I do have a dataset consisting of surnames, years and values y. My aim is to analyze whether the value y is dependent on the corresponding value y of the previous generation. Unfortunately, I do not have a value y for each surname in each generation.
As an example dataset, you can take the following:
set.seed(700)
df_1 <- data.frame(year = c(1700, 1700, 1700, 1700, 1730, 1730, 1730, 1730, 1760, 1760, 1760, 1760, 1790, 1790, 1790, 1790, 1820, 1820, 1820, 1820), generation = c(1, 1, 1, 1, 2, 2, 2, 2, 3, 3, 3, 3, 4, 4, 4, 4, 5, 5, 5, 5), surname = c("Miller", "NA", "Smith", "Garcia", "Miller", "Jordan", "Smith", "Garcia", "Miller", "Jordan", "NA", "Garcia", "Miller", "Jordan", "Smith", "NA", "NA", "Jordan", "Smith", "Garcia"), y=runif(20))
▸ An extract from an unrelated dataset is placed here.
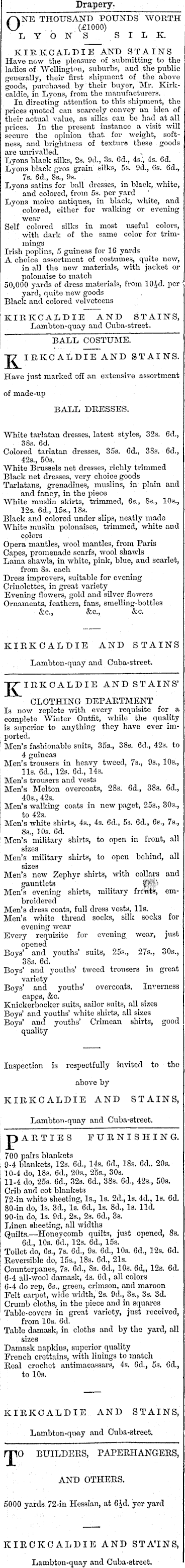 Drapery. NE THOUSAND POUNDS WORTH (£1000) LYONS SILK. KIRKCALDIE AND STAINS Have now the pleasure of submitting to the ladies of Wellington, suburbs, and the public generally, their first shipment of the above goods, purchased by their buyer, Mr. Kirkcaldie, in Lyons, from the manufacturers. In directing attention to this shipment, the prices quoted can scarcely convey an idea of their actual value, as silks can be had at all prices. In the present instance a : visit will secure the opinion that, for weight, softness, and brightness of texture these goods are unrivalled. Lyons black silks, 2s. 9d., 3s. 6d., 4s.', 4s. 6d. Lyons black gros grain silks, ss. 9d., 6s. fid., 7s. 6d., Ss., 9a. Lyons satins for ball dresses, in black, white, and colored, from ss. per yard Lyons moire antiques, in black, white, and colored, either for walking or evening wear Self colored silks in most useful colors, with dark of the same color for trimmings Irish poplins, 5 guineas for 16 yards A choice assortment of costumes, quite new, in all the new materials, with jacket or polonaise to match 50,000 yards of dress materials, from 101 d. per ■ yard, quite new goods Black and colored velveteens KIRKCALDIE AND STAINS, Lambton-quay and Cuba-street. K BALL COSTUME. IRKC ALDIE AND STAINS. Have just marked off an extensive assortment of made-up BALL DKESSES. White tarlatan dresses, latest styles, 325. 6d., 38s. 6d. Colored tarlatan dresses, 355. fid., 38s. 6d., 425., 50s. White Brussels net dresses, richly trimmed Black net dresses, very choice goods Tarlatans, grenadines, muslins, in plain and and fancy, in the piece White muslin skirts, trimmed, 65., Ss., 10s., 12s. 6d., 155., 18s. Black and colored under slips, neatly made White muslin polonaises, trimmed, white and colors Opera mantles, wool mantles, from Paris Capes, promenade scarfs, wool shawls Lama shawls, in white, pink, blue, and scarlet, from Bs. each Dress improvers, suitable for evening Crinolettes, in great variety Evening flowers, gold and silver flowers Ornaments, feathers, fans, smelling-bottles &e., &0., &c. KIRKCALDIE AND STAINS Lambton-quay and Cuba-street. Jg" lEKCALDIE AND STAINS’ CLOTHING DEPARTMENT Is now replete with every requisite for a complete Winter Outfit, while the quality is superior to anything they have ever imported. Men’s fashionable suits, 355., 38s. 6d., 425. to 4 guineas Men’s trousers in heavy tweed, 75., 95., 10s., lls. fid., 12s. fid., 14s. Men’s trousers and vests Men’s Melton overcoats, 28s. fid., 38s. fid., 405., 425. Men’s walking coats in new paget, 255., 305., to 425. Men’s white shirts, 45., 4s. fid., ss. fid., 65., 75., 8s„ 10s. fid. Men’s military shirts, to open in front, all sizes Men’s military shirts, to open behind, all sizes Men’s new Zephyr shirts, with collars and gauntlets Men’s evening shirts, military fronts, embroidered Men’s dress coats, full dress vests, lls. Men’s white thread socks, silk socks for evening wear Every requisite for evening wear, just opened Boys’ and youths’ suits, 255., 275., 30a., 38s. fid. Boys’ and youths’ tweed trousers in great variety Boys’ and youths’ overcoats. Inverness capps, &c. Knickerbocker suits, sailor suits, all sizes Boys’ and youths' white shirts, all sizes Boys’ and youths’ Crimean shirts, good quality Inspection is respectfully invited to the above by KIRKCALDIE AND STAINS, Lambton-quay and Cuba-street. JpAETIES FURNISHING. 700 pairs blankets 9- blankets, 12s. fid., 14s. fid., 18s. fid.. 20s. 10- do, 18s. fid., 205., 255., 80s. 11- do, 255. fid., 325. fid., 38s. fid., 425., 50s. Crib and cot blankets 72-in white sheeting, Is., Is. 2d., Is. 4d., Is. fid. 80-in do, Is. 3d., Is. fid., Is. Bd., Is. lid. 90-in do, Is. 9d,, 25., 2s. fid., Ss. Linen sheeting, all widths Quilts. —Honeycomb quilts, just opened, Bs. fid., 10s. fid., 12s. fid., 15s. Toilet do, Cs., 7s. 6d., 9s. fid., 10a. fid., 12s. fid. Reversible do, 155., 18s. fid., 21s. Counterpanes, 7s. fid., Bs. fid., 10s. fid,, 12s. fid. 0-4 all-wool damask, 4s. fid, all colors 6-4 do rep, fis., green, crimson, and maroon Felt carpet, wide width, 2s. 9d., 35., 3s. 3d. Crumb cloths, in the piece and in squares Table-covers in great variety, just received, from 10s. fid. Table damask, in cloths and by the yard, all . sizes Damask napkins, superior quality French crettains, with linings to match Real crochet antimacassars, 4s. fid., ss. fid., to 10s. KIRKCALDIE AND STAINS, Lambton-quay and Cuba-street. T o BUILDERS, PAPEEHANGERS, AND OTHERS. 5000 yards 72-in Hessian, at fijd. yer yard KIECKCALDIE AND STAINS, Lambton-quay and Cuba-street.

I run the following regression:
fitted_models = df_1 %>% group_by(surname) %>% do(model = lm(y ~ lag(y, n=1, order_by = year), data = df_1))
Now, I have three related questions:
(1) How can I take into account non-group-specific effects (such as generation specific fixed-effects)?
(2) How should I treat the NA-values?
(3) Does that regression take into account all observations with the respective observation of the previous generation or only the comparison between the first and the second generation?